[Opening SUPPLIED MATERIAL section]

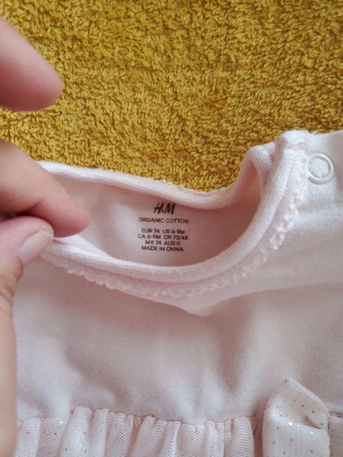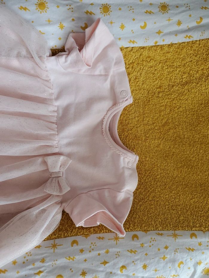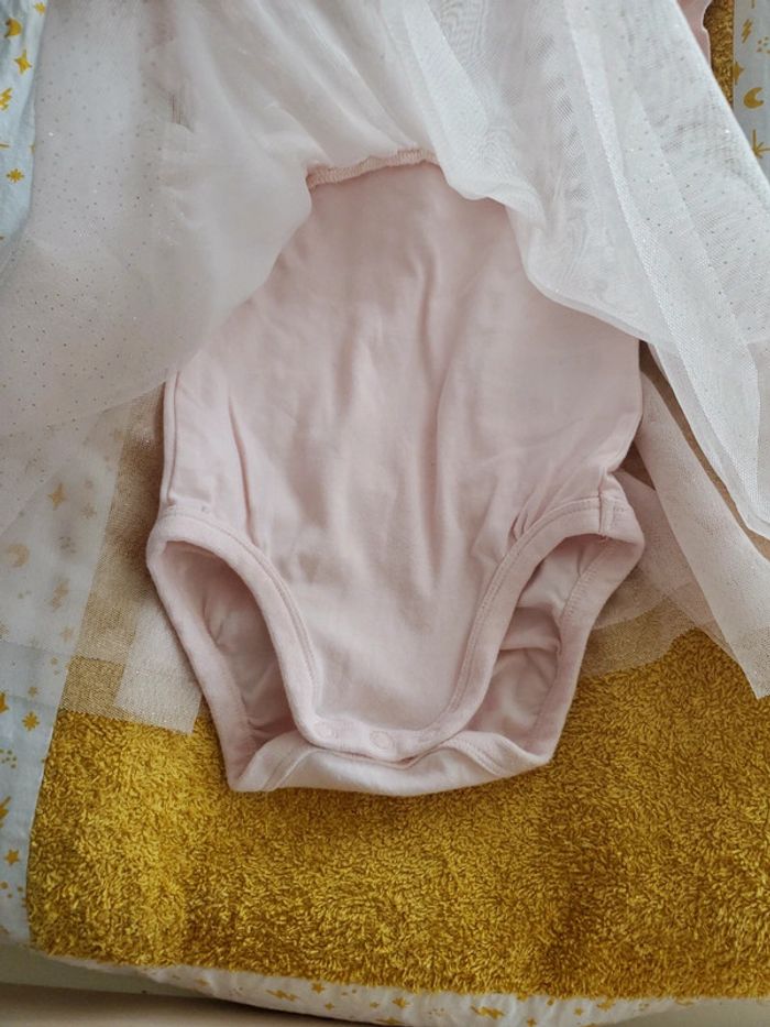 Robe body rose H&M taille 6/9 mois avec voile et nœuds brillant
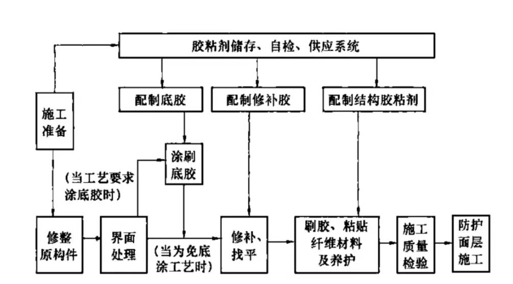 以卡本碳布加固施工為例,工藝流程包含定位放線→砼表面處理→涂刷底層浸漬膠→粘貼碳纖維布→沿單向面多次刮壓→涂刷面層浸漬膠→沿單向面多次刮壓→表面防護。
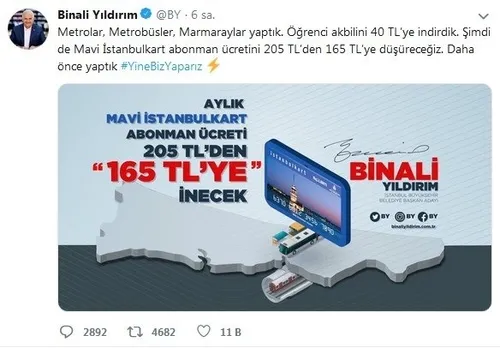 Binali Yıldırım, sosyal medya hesabı Twitter'dan yaptığı açıklamada, Mavi İstanbulkart abonman ücretini 205 TL'den 165 TL'ye düşürüleceğini duyurdu.
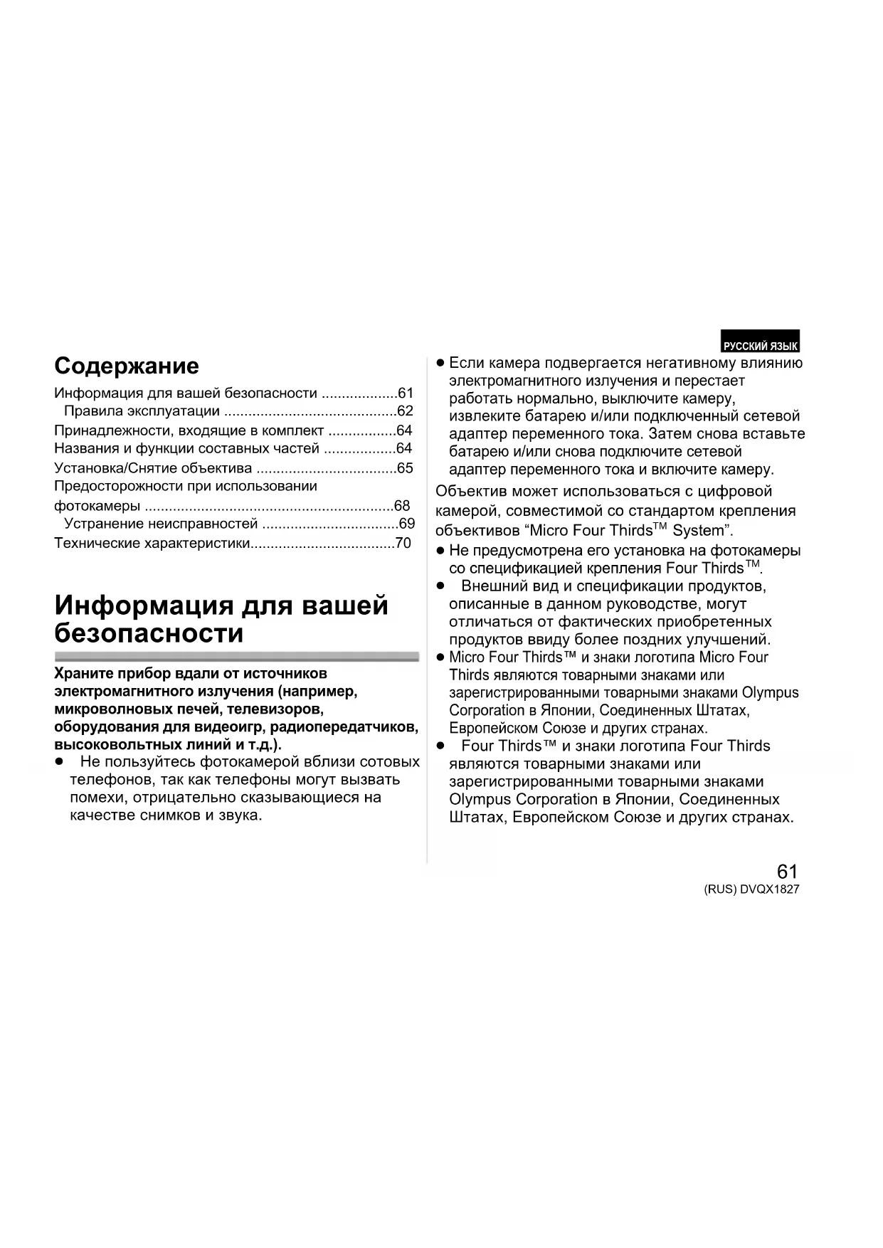 - Micro Four Thirds™ и знаки логотипа Micro Four Thirds являются товарными знаками или зарегистрированными товарными знаками Olympus Corporation в Японии, Соединенных Штатах, Европейском Союзе и других странах.
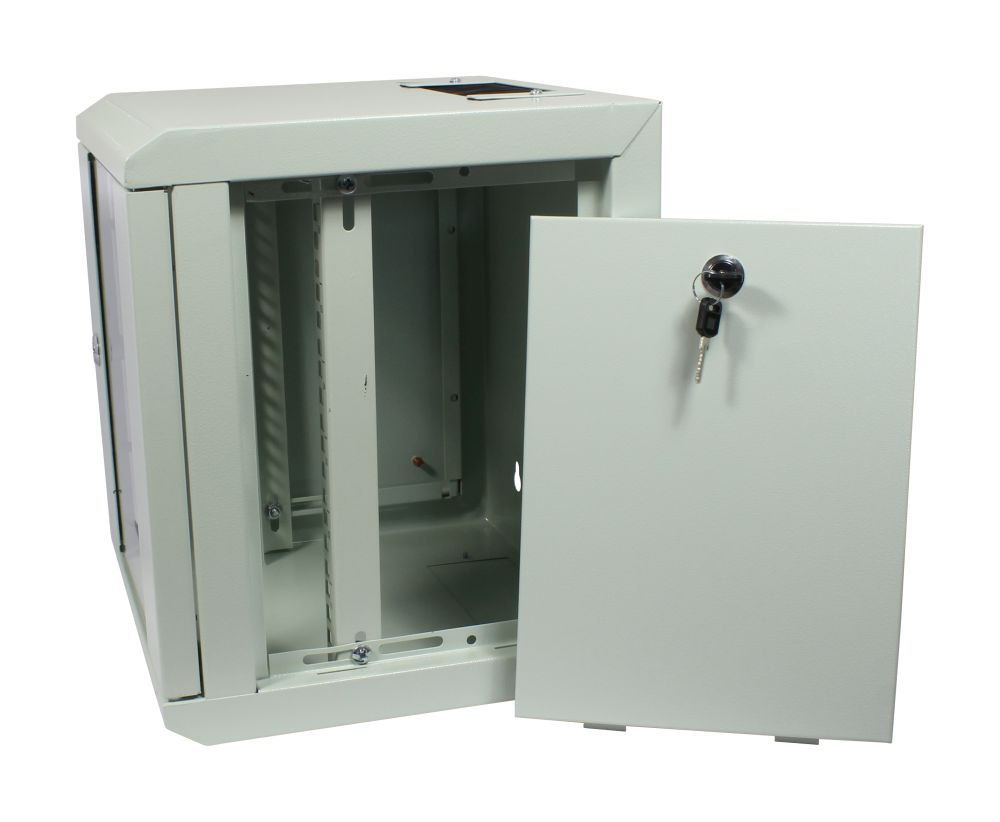 1-teilig Vormontiert, H218xB312xT300mm, Lichtgrau ähnlich RAL7035, Glastüre mit Schloss, 2x Seitenteil mit Schloss, 2xLochrasterprofile 19"(vorderseite), 2x Öffnungen für Kabeleingang unten/oben (B145/T64mm), 1x Bürstenleiste für Kabeleingang oben, Stahlblechgehäuse, 19" Profile vorne veränderbar (max. Veränderbare auf Nutztiefe 220mm), Patchtiefe vorne 60mm, 12xKäfigmutter mit Schrauben,

[Closing SUPPLIED MATERIAL section]

● REQUIREMENT: None of the pictures should appear, though every line of the data above must be reproduced exactly.

● REPLY:
 Robe body rose H&M taille 6/9 mois avec voile et nœuds brillant
 以卡本碳布加固施工為例,工藝流程包含定位放線→砼表面處理→涂刷底層浸漬膠→粘貼碳纖維布→沿單向面多次刮壓→涂刷面層浸漬膠→沿單向面多次刮壓→表面防護。
 Binali Yıldırım, sosyal medya hesabı Twitter'dan yaptığı açıklamada, Mavi İstanbulkart abonman ücretini 205 TL'den 165 TL'ye düşürüleceğini duyurdu.
 - Micro Four Thirds™ и знаки логотипа Micro Four Thirds являются товарными знаками или зарегистрированными товарными знаками Olympus Corporation в Японии, Соединенных Штатах, Европейском Союзе и других странах.
 1-teilig Vormontiert, H218xB312xT300mm, Lichtgrau ähnlich RAL7035, Glastüre mit Schloss, 2x Seitenteil mit Schloss, 2xLochrasterprofile 19"(vorderseite), 2x Öffnungen für Kabeleingang unten/oben (B145/T64mm), 1x Bürstenleiste für Kabeleingang oben, Stahlblechgehäuse, 19" Profile vorne veränderbar (max. Veränderbare auf Nutztiefe 220mm), Patchtiefe vorne 60mm, 12xKäfigmutter mit Schrauben,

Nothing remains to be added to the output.